Vanilla RNN: https://ytd2525.wordpress.com/2016/08/03/understanding-deriving-and-extending-the-lstm/

LSTM & GRU: https://colah.github.io/posts/2015-08-Understanding-LSTMs/

TensorFlow only counts the parameters in the RNN Cell, that is, parameters in the hidden layer.

### 1. Vanilla RNN

$$ 
\large
\begin{align*}
y_{t} &= W_{hy}h_{t} \\
h_{t} &= \tanh(W_{hh}h_{t-1} + W_{xh}x_{h} + b_h)
\end{align*}
$$

### 2. LSTM

$$
\large
\begin{align}
f_{t} &= \sigma(W_{xh}^{f}x_{t} + W_{hh}^{f}h_{t-1} + b^{h}) \tag{forget gate} \\
i_{t} &= \sigma(W_{xh}^{i}x_{t} + W_{hh}^{i}h_{t-1} + b^{i}) \tag{input gate} \\
\tilde C_{t} &= \tanh(W_{xh}^{\tilde C}x_{t} + W_{hh}^{\tilde C}h_{t-1} + b^{\tilde C}) \tag{Vanilla RNN} \\
C_{t} &= f_{t} \odot C_{t-1} + i_{t} \odot \tilde C_{t} \tag{cell state} \\
o_{t} &= \sigma(W_{xh}^{o}x_{t} + W_{hh}^{o}h_{t-1} + b^{o}) \tag{output gate} \\
h_{t} &= o_{t} \odot \tanh(C_t) \tag{hidden state}
\end{align}
\\ \odot: \text{element-wise product}
$$

### 3. GRU

$$
\large
\begin{align}
r_{t} &= \sigma(W_{r}x_t + U_{r}h_{t-1} + b_{r}) \tag{ reset gate } \\
z_{t} &= \sigma(W_{z}x_t + U_{z}h_{t-1} + b_{z}) \tag{ update gate } \\
\tilde h_{t} &= \tanh(W_{h}x_{t} + U_{h}(r_{t} \odot h_{t-1}) + b_{h}) \notag \\
h_{t} &= (1-z_{t}) \odot h_{t-1} + z_{t} \odot \tilde h_{t} \tag{ hidden state}
\end{align}
$$

In [None]:
## tf.keras.layers.GRU(
##    units, activation='tanh', recurrent_activation='sigmoid', use_bias=True,
##    kernel_initializer='glorot_uniform', recurrent_initializer='orthogonal',
##    bias_initializer='zeros', kernel_regularizer=None, recurrent_regularizer=None,
##    bias_regularizer=None, activity_regularizer=None, kernel_constraint=None,
##    recurrent_constraint=None, bias_constraint=None, dropout=0.0,
##    recurrent_dropout=0.0, implementation=2, return_sequences=False,
##    return_state=False, go_backwards=False, stateful=False, unroll=False,
##    time_major=False, reset_after=True, **kwargs)

reset_after

GRU convention (whether to apply reset gate after or before matrix multiplication).
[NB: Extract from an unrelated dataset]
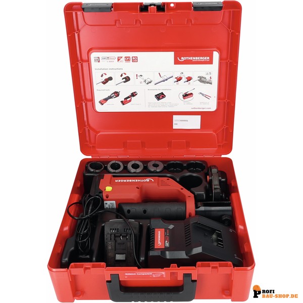 Bestellen Sie die ROTHENBERGER Pressmaschine Compact ROMAX COMPACT III Set RFZ16-20-25-32, 2Ah, EU, AMP jetzt unkompliziert und bequem online bei Profi-Bau-Shop.de und lassen Sie sie sich direkt liefern!

False = "before", True = "after" (default and CuDNN compatible).

If reset_after = True, TensorFlow2 computes as follows:
$$
\large
\begin{align}
r_{t} &= \sigma(W_{r}x_t + b_{r1} + U_{r}h_{t-1} + b_{r2}) \tag{ reset gate } \\
z_{t} &= \sigma(W_{z}x_t + b_{z1} + U_{z}h_{t-1} + b_{z2}) \tag{ update gate } \\
\tilde h_{t} &= \tanh(W_{h}x_{t} + b_{h1} + U_{h}(r_{t} \odot h_{t-1}) + b_{h2}) \notag \\
h_{t} &= (1-z_{t}) \odot h_{t-1} + z_{t} \odot \tilde h_{t} \tag{ hidden state}
\end{align}
$$